/WeightedLDA

Provides a Linear Discriminant Analysis class with sample weights

Primary LanguagePythonMIT LicenseMIT

License: MIT Code style: black

WeightedLDA

This code provides a scikit-learn class that extends the sklearn.discriminant_analysis.LinearDiscriminantAnalysis analysis to allow for weighting of each sample.
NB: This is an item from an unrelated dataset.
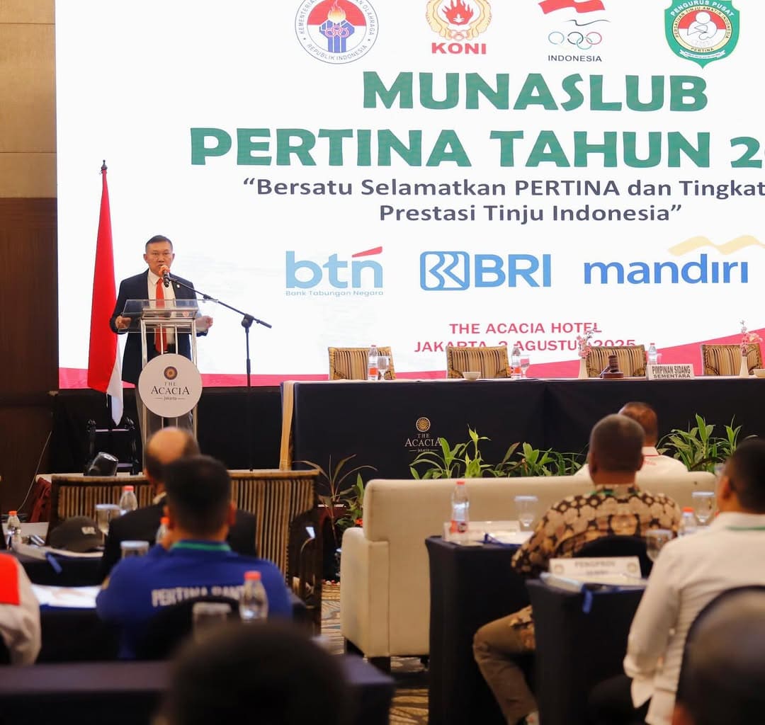 Pesan penting disampaikan oleh Ketum Komite Olahraga Nasional Indonesia (KONI) Pusat Letjen TNI Purn Marciano Norman usai mengukuhkan dan melantik Ketum Pengurus Pusat Persatuan Tinju Amatir Indonesia (Pertina) masa bakti 2025-2029 Dr. Hillary Brigitta Lasut dan jajarannya pada Minggu 31 Agustus 2025 di Ritz Carlton, Jakarta.

For general use of the analysis, please refer to the scikit-learn webpage:

https://scikit-learn.org/stable/modules/generated/sklearn.discriminant_analysis.LinearDiscriminantAnalysis.html

WeightedLDA provides the same basic utilities of the scikit-learn class except for the following limitations:

  • Only solve="svd" is supported.
  • The priors cannot be defined a priori.
  • The feature_names_in_ attribute is not included.

The following code shows standard usage given sample data X, cluster identification y, and weights wgt:

from WeightedLDA import WeightedLDA

lda = WeightedLDA()

lda.fit(X, y, wgts=wgts)

Calling fit without the wgts variable produces a fit the same as the scikit-learn class.

I tried to replicate the results numerically with the scikit-learn class, and was able to do so with all examples except when the sample data has a nullspace. Even then, the resulting predict method produces consistent results and the transform method is numerically consistent when the data does not extend into the nullspace of the sampled data.

TODO

Write the fit method using PyTorch.